# Egg laying question for my pet pigeon



## Ginger (Aug 18, 2005)

I have a 5 years old female pet pigeon at home. She has been laying 2 eggs a month or so ever since she reached maturity about 4 to 4 1/2 years ago. She always lays the first, skip a day and then lays the other one. Well it is the first time in 4 years in which she layed and egg, skipped a day but has yet to lay the other. The other was due yesterday but she has not laid it yet.

She is cooing a lot in her cage and it worries me immensely. Is it normal that she hasn't laid her second egg?

She is not sitting all puffed so I don't think she is currently in pain but I am still worried. Any thoughts?

Thank you
Ginger


----------



## Skyeking (Jan 17, 2003)

Hello Ginger,

Normally my pigeons that lay 2 eggs have continued to lay two eggs since they started laying. I do have a hen that only lays 1 egg, and has been laying only 1 for years. There may be a complication of some kind if she hasn't laid the egg.

Does she look any different? Does she have a rounded back with tail down? That is one symptom of an "eggbound" hen, but not having those symptoms doesn't mean there isn't a problem. Check the back of her, around her vent and see if there is a swelling around the vent. Sometimes you can feel the egg and sometimes it is stuck deeper inside and you can't feel it.

You can try giving her a few drops of olive oil down the back of the throat and see if that helps pass it, if it is stuck.

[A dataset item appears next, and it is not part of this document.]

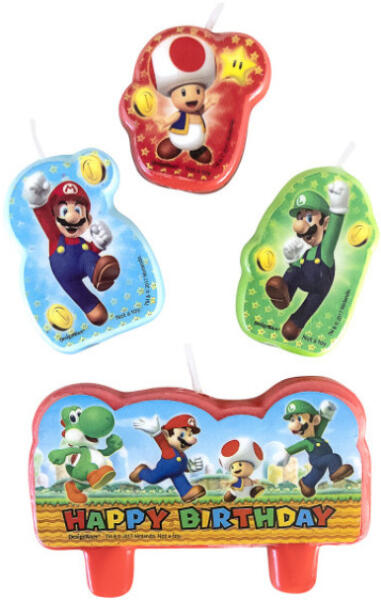 Super Mario tortagyertya, 4 db-os gyertya szett Méret: 4,5 és 6 cm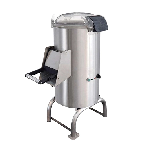 Pengupas Kentang Komersial ini menggunakan mekanisme yang dipacu motor dengan penggelek atau berus kasar dalaman. Kentang dilambung ke atas dan ke bawah berulang kali oleh daya sentrifugal putaran berkelajuan tinggi, mengalami geseran menyeluruh terhadap permukaan kasar dinding dalam dan bawah penggelek, serta terhadap kentang lain. Geseran seragam dan berterusan ini dengan cepat dan lembut mengupas kulit kentang.

I would also give her a 1drop of Sovereign Silver, colloidal silver should there be an infection that can also cause problems.

If the bird doesn't pass the egg in a few days I would take her to an avian vet and have an X ray done to see what possibly might be going on, I wouldn't wait.


----------



## naturegirl (Nov 7, 2005)

Funny when Pesto was younger she was laying too much and the vet I go to said if she continues to keep it up she would give her a shot of something to slow her down but I do remember 1 time when she laid 3 eggs, weird or what? She hasn't laid an egg in about 6years so I am happy about that. 
I would ask Treesa about some possible sign of egg binding and keep an eye on her. Or if you take her to an avian vet they could take an xray to see if there is another one inside. 

Good Luck
Cindy (Naturegirl)


----------



## TerriB (Nov 16, 2003)

naturegirl said:


> ...the vet I go to said if she continues to keep it up she would give her a shot of something to slow her down...Cindy (Naturegirl)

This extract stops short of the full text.